The Package Has Been Delivered
Played by Jake Gyllenhaal, the package arriving in the mail is the first communication in 20 years. He certainly has good reason, and anyone who persists the perils of the starving artist is onboard and ready to gang up.
Initially, the hometown classmates and fellow artists fell for each other after meeting serendipitously in New York City. All in allegiance with their close-minded Texas upbringing, she fully embraced the romance despite the caloric deficiency that Edward would bring to her bottom line in this Austin Wright screen adaptation.

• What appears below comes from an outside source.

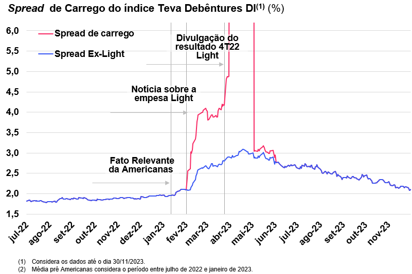 O spread de carrego do Índice Teva Debêntures DI apresentou uma queda de 0,86%, alcançando 77% dos ativos. Ao encerrar o mês de novembro, o spread de carrego registrado foi de DI + 2,19%, próximo ao valor pré evento da Americanas onde o spread era de 2,10%, indicando sinais positivos de recuperação no mercado de crédito.

Her Texas roots know better though. “You’re more like me than you know,” her materialistically pragmatic mother (Laura Linney) tells her as the stakes elevate across three different timelines.
The Story Gets Real
The peak among the triumvirate of stories is the sent novel that Adams envisions as she laments the desolation of her present and the lost hope of her past. Cracking open the manuscript dedicated to her, the seriousness gets real right away, and Gyllenhaal standing in as the novel’s character, double downs the message.
Tony Hastings and his redheaded wife and daughter are accosted on a desolate Texas highway by three lone rangers who methodically unmask an atrocity on the helpless travelers. The fact that he fights in defense of his family like a writer rather than a frenzied mother bear protecting its young doesn’t help and harkens back to Susan’s mother. “He’s weak,” Laura Linney sees what she thinks is the future.
As a result, the fat lady now gets her due, and the domestic travails dovetailing the main event suddenly are much easier to look at. The riveting prose compounds the movie plot because it’s unclear whether the retelling is a fact of Jake’s life or an imagined fiction.
No Hidden Meaning?
As revenge and justice blur in Adams’ reading of the fact or fiction, she can’t help but contemplate what her infraction upon the ex deserves. “I left him... in a brutal manner,” she tells her friend at the art gallery.
In considering his frailties and her expectations, that’s putting it very kindly.
So what motive does Jake have in forwarding a novel? Is he attempting to evoke guilt by equating the penned rape and murder of Laura and India Hastings to the injustices she perpetrated by leaving him? Susan definitely looks the part as she serves the penance her need for comfort begot in the big house with the empty suit.
It’s open to interpretation but I’m going to say the intent is much more direct and does not search for a deeper meaning. Not only does she get the message, she feels it deeply, and you just want to look away.